- The firm generates $8,000,000 of gross revenue, which indicates a meaningful operating scale for valuation purposes.
- The firm produces 30,000 total billable hours, supporting a sizable annual service capacity.
- Revenue per partner is $2,000,000, which suggests strong productivity at the partner level.
- The firm has 20 staff supporting 4 partners, indicating meaningful leverage below the partner level.
- All four partners are age 45, which may indicate a relatively balanced current ownership profile with no immediate age-related transition pressure evident from the data.
- The firm has only four partners, which creates key-person and succession risk if one or more partners reduce involvement or exit unexpectedly.
- Partner ages are all 45, indicating limited age diversification at the ownership level and potential future leadership transition risk if there is no deeper bench.
- EBOC is 50%, which suggests moderate profitability and may be less attractive to buyers seeking stronger operating margins.
- The reported location is nonspecific and not meaningful for diligence, which may indicate incomplete data transparency and hinder marketability assessment.
- The firm may be able to improve valuation through stronger pricing discipline or higher-value service mix, as revenue per partner is already $2.0 million with 50% EBOC.

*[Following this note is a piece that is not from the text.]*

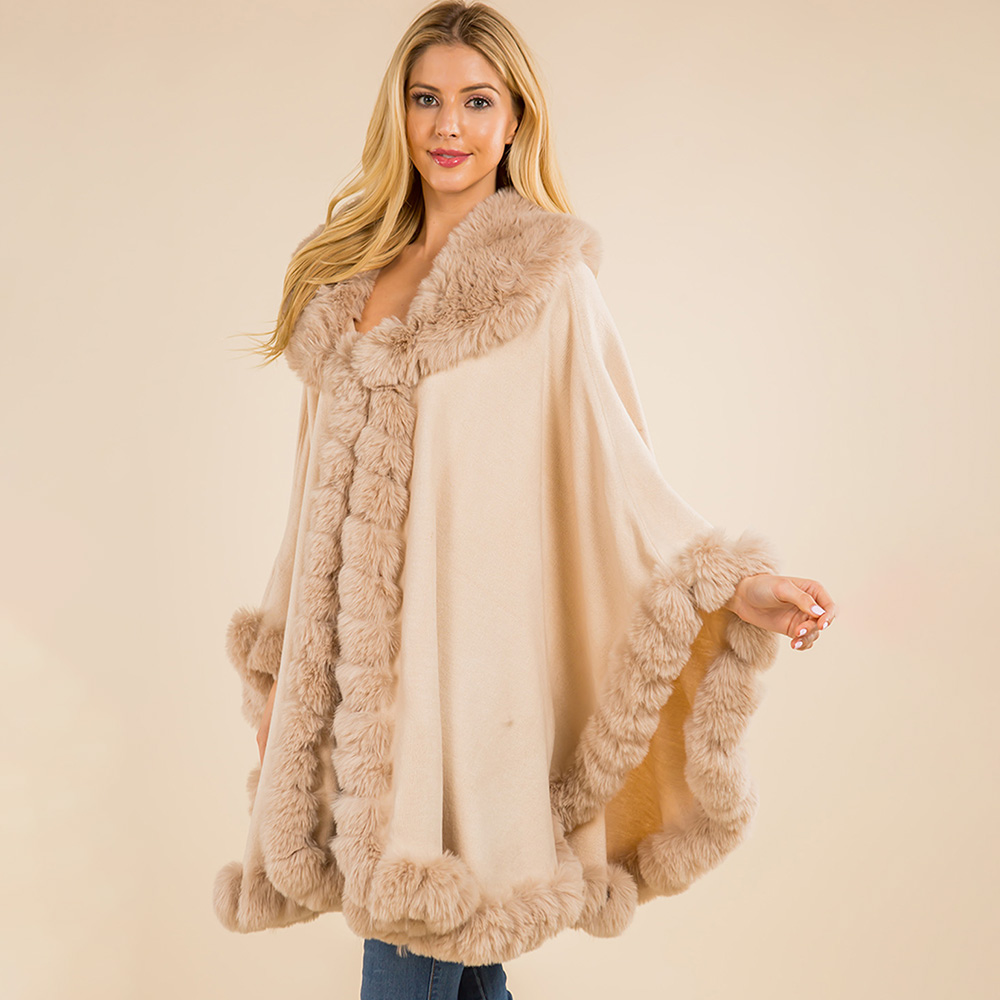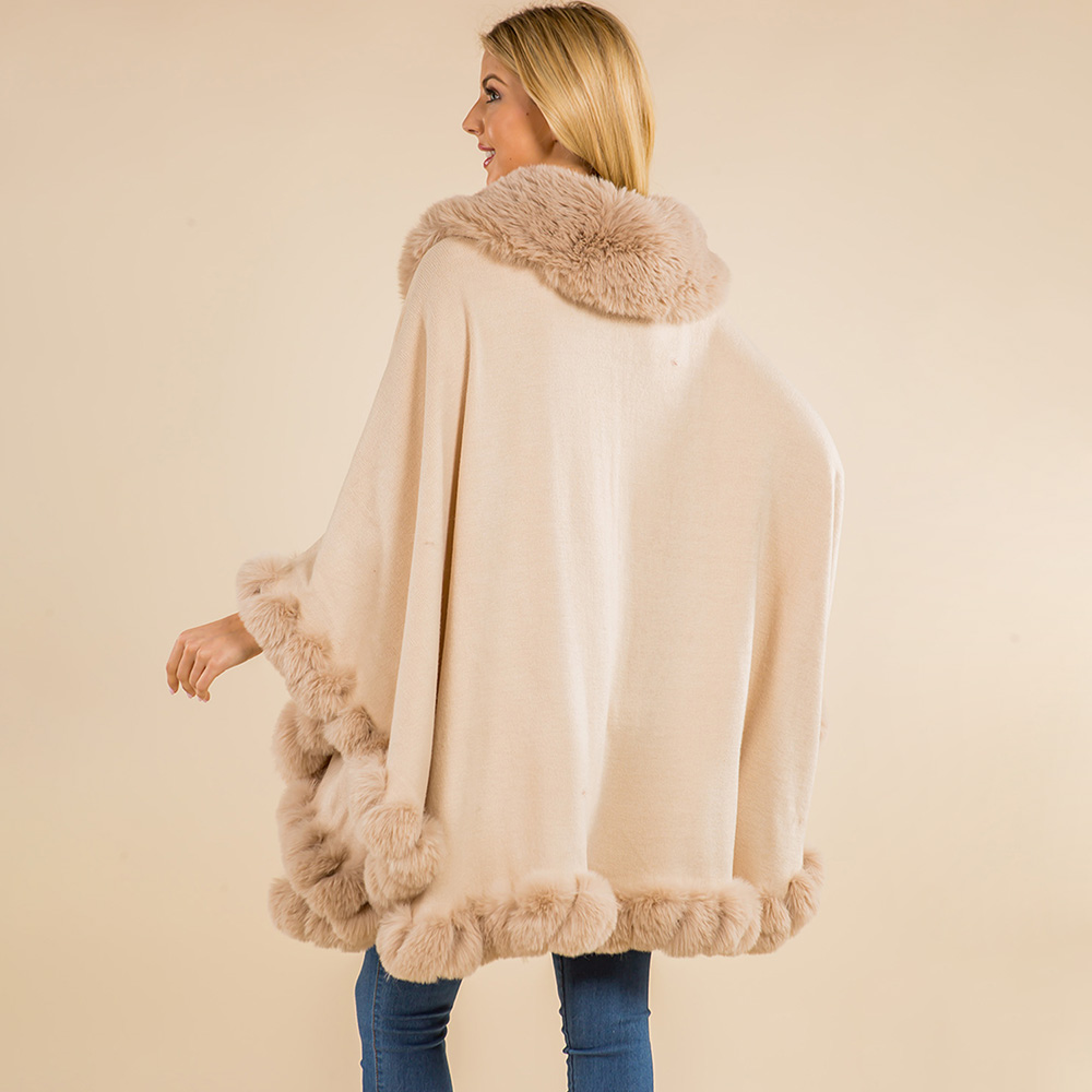 Faux Fur Trim Flowing Shawl Cape Poncho Faux Fur Trim Flowing Shawl Cape Poncho Faux Fur Trim Flowing Shawl Cape Poncho

- With 30,000 billable hours and 20 staff supporting 4 partners, there may be opportunity to increase operational leverage by optimizing staff utilization and delegation.
- The firm could pursue controlled growth by adding client capacity under the current partner group, since the partners are all at the same mid-career age of 45 and no succession pressure is indicated by the data.
- The firm’s 50% EBOC suggests limited operating margin, which may constrain valuation and reduce resilience to revenue or cost pressure.
- With only four partners generating $2.0 million of revenue each, the firm may have meaningful key-person dependence and succession risk if one partner departs or reduces involvement.
- The office location is not identifiable from the provided data, creating uncertainty around market reach and geographic attractiveness, which may affect growth prospects and buyer interest.